Now, before you run this, consider for a moment what you'd expect. You have 100 connections, with 10,000 pings coming in from each one. Since each ping is 4 bytes long, you'd expect 40,000 bytes to be read from each connection, for a total of 4,000,000 bytes across all clients. Now fire up the Scala server and then the Scala client. Here's what I saw in my output:

...
After client 98, total bytes read: 996120
After client 99, total bytes read: 999428
After client 100, total bytes read: 1000921

So basically the server has only done a quarter of the expected work in terms of receiving data. We have silently lost about three quarters of the incoming bytes! What's the deal here? Does the client never send them? Or does the server never read them? Well, according to Java's documentation for the read() method, an attempt is made to read at least one byte. It blocks until at least one byte is available, and then reads as many bytes as possible, trying to fill the buffer provided as a parameter. So let's run the Go client against the same Scala server and see what happens:

...
After client 99, total bytes read: 3994164
After client 100, total bytes read: 3994164
After client 90, total bytes read: 3994164
After client 98, total bytes read: 3994164
After client 95, total bytes read: 3994164
After client 73, total bytes read: 3994164
After client 85, total bytes read: 3994164

We get almost all our bytes now, but not quite all of them. But evidently even though the Scala server is perfectly capable of receiving almost all of the data (even if it reads it one byte at a time) we can see that in practice there's something in the Scala client that causes it to stop after reading about a quarter of the stream!

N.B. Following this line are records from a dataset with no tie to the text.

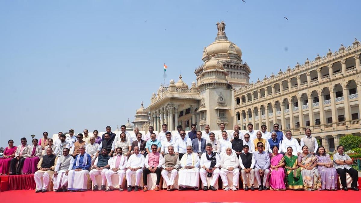 Chief Minister Siddaramaiah, Legislative Council Chairman Basavaraj Horatti, and Deputy Chief Minister D.K. Shivakumar posing for a picture with the MLCs in front of the Vidhana Soudha in Bengaluru on Tuesday. | Photo Credit: SPECIAl ARRANGEMENT Legislative Assembly Speaker U.T. Khader’s announcement on Tuesday to the House of a photo session for all sitting members at 10 a.m. on Wednesday has triggered speculation about possible political developments, including a leadership change after the State Budget session. Traditionally, such photo sessions are held during the final session of an Assembly’s five-year tenure. The photo session is scheduled to take place in front of the majestic Vidhana Soudha on Wednesday. However, an official from the Speaker’s office said that there is nothing unusual about organising a photo session midway through the Assembly’s term. In contrast, the Legislative Council conducts photo sessions once every two years, as one-third of its 75 members retire biennially. A similar session for MLCs was held in front of the Vidhana Soudha on Tuesday. Published – March 24, 2026 09:26 pm IST Share this: Click to share on WhatsApp (Opens in new window) WhatsApp Click to share on Facebook (Opens in new window) Facebook Click to share on Threads (Opens in new window) Threads Click to share on X (Opens in new window) X Click to share on Telegram (Opens in new window) Telegram Click to share on LinkedIn (Opens in new window) LinkedIn Click to share on Pinterest (Opens in new window) Pinterest Click to email a link to a friend (Opens in new window) Email More Click to print (Opens in new window) Print Click to share on Reddit (Opens in new window) Reddit Click to share on Tumblr (Opens in new window) Tumblr Click to share on Pocket (Opens in new window) Pocket Click to share on Mastodon (Opens in new window) Mastodon Click to share on Nextdoor (Opens in new window) Nextdoor Click to share on Bluesky (Opens in new window) Bluesky Like this:Like Loading... Post navigation Collector calls for united fight against TB IPL 2026: KKR names Rinku as Rahane’s deputy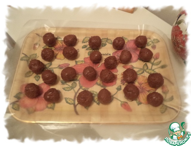 Посуду застелить бумагой для выпечки, катать шарики и складывать на бумагу. Поставить в морозилку на минут 20.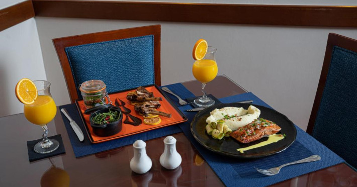 Restaurantul Al Dar oferă mese tip bufet și un meniu cu o selecție de preparate continentale.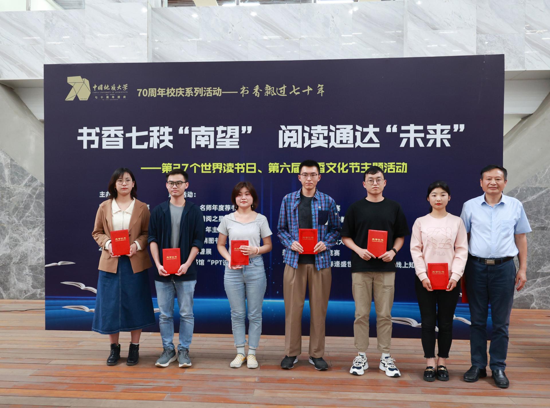活动中公布了院士、名师年度荐书名单。其中,殷鸿福推荐的书目是《古文观止》《菊与刀》《不朽》《野火集》《钢铁是怎样炼成的》《瓦尔登湖》《温家宝地质笔记》《文明的冲突与世界秩序的重建》。国家教学名师唐辉明教授推荐的书目是《书谱》《唐宋八大家》《论语》《科学的历程》《当代西方哲学》《中国通史》《世界简史》;国家教学名师龚一鸣教授推荐的书目是《地学革命风云录》《地质演化突变观》《物种起源》《平凡的世界》《爱因斯坦谈人生》《如何成为卓越的大学教师》《刘东生——揭开黄土的奥秘》《地球系统与演变》。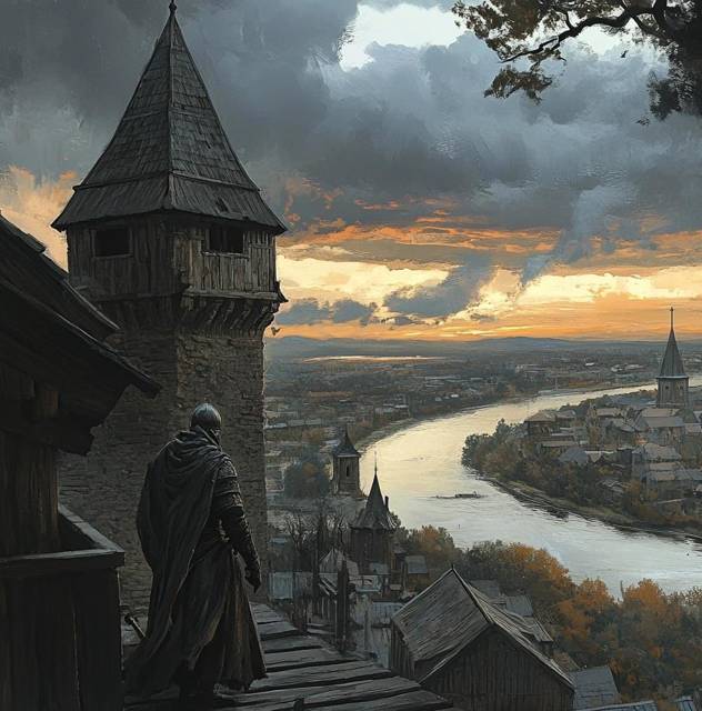 Когда я добрался до восточной стены, то замер, вцепившись в холодный камень. На реке, качались ладьи – длинные, узкие, с вырезанными драконьими головами на носах. Десятки, как сказал Алеша, а может, и больше. Варяги высаживались на берег – бородатые, в броньках, с круглыми щитами и топорами. Их знамена были синими, с белым крестом, а над всем этим возвышалась фигура в богатых доспехах, с длинным мечом на поясе. Он стоял на одной из ладей, отдавая команды, и что-то в его осанке, в том, как он двигался, заставило меня напрячься.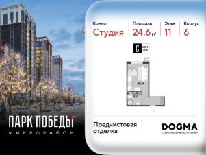 Срок сдачи: 2 кв. 2026, общей площадью 24.6 кв.м., на 11 этаже.
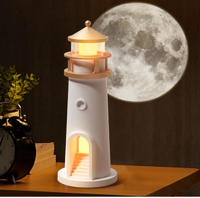 Этот проектор-маяк — отличный способ добавить уникальный декор в любое пространство, и он даже проецирует лунный образ при включении. Он работает от перезаряжаемой батареи, и вы можете настроить яркость по своему вкусу.
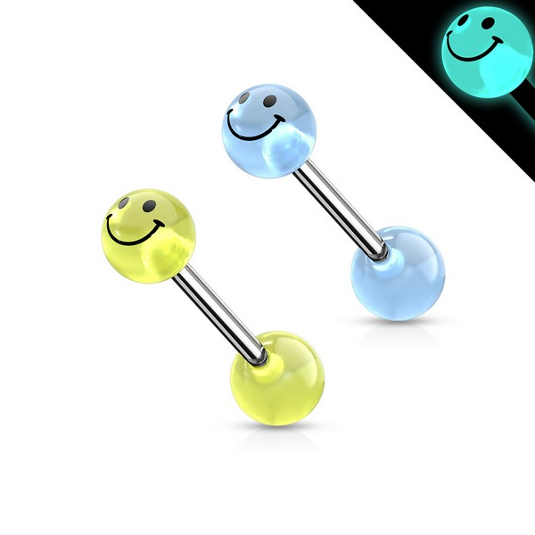 Штанга из хирургической стали 316L с акриловыми шариками светящимися в ультрафиолете.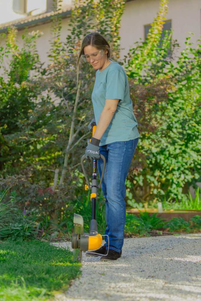 The GT 300e battery grass trimmer is the ideal solution for achieving a flawless finish to your lawn in a short time. Featuring a powerful motor, optimally balanced 2x20V 2Ah batteries, and a soft grip ergonomic handle, it allows for easy trimming and edging of weeds with over 30 minutes of runtime on a single charge.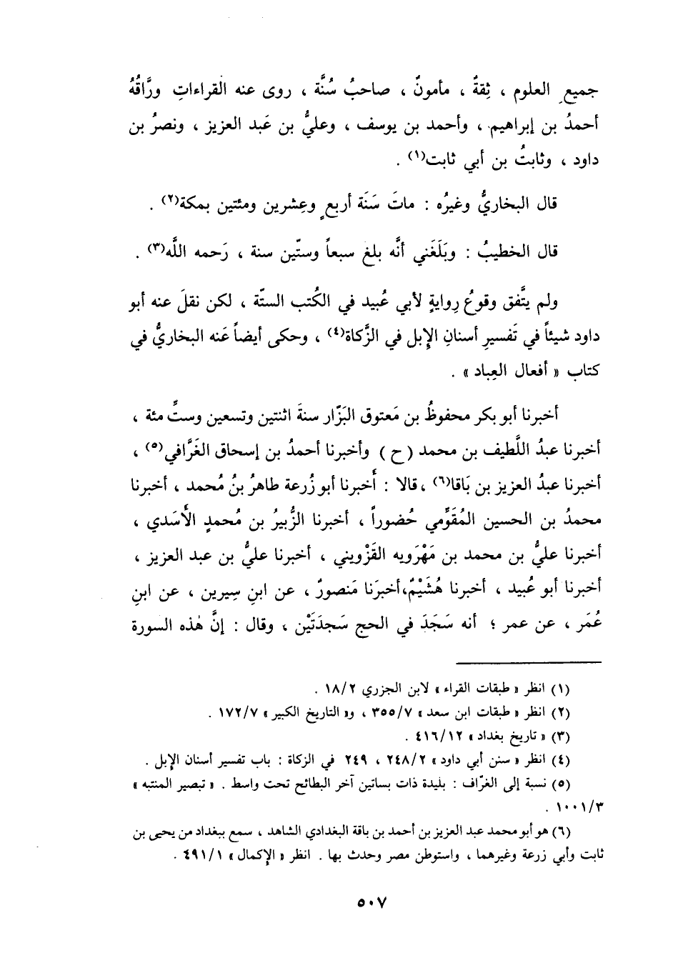 (1) انظر " طبقات القراء " لابن الجزري 2 / 18.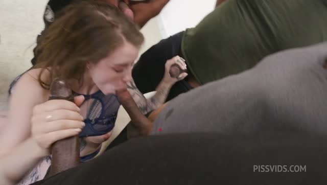 FIRST DAP WITH PEE! Babe Caller Bowl gets double anal penetration and pee spurts from six big cocks

Now, we can see from the server loop that as long as the socket is connected, the server will keep reading incoming data. So it just needs the client to stick around long enough with the connection open: the Scala server will eventually read through all the bytes. We can see that the Go client stays connected long enough to exchange all data, so the problem must be that the Scala client does not stick around to do the entire exchange! If that is the case, the number the Scala client reports must be wrong!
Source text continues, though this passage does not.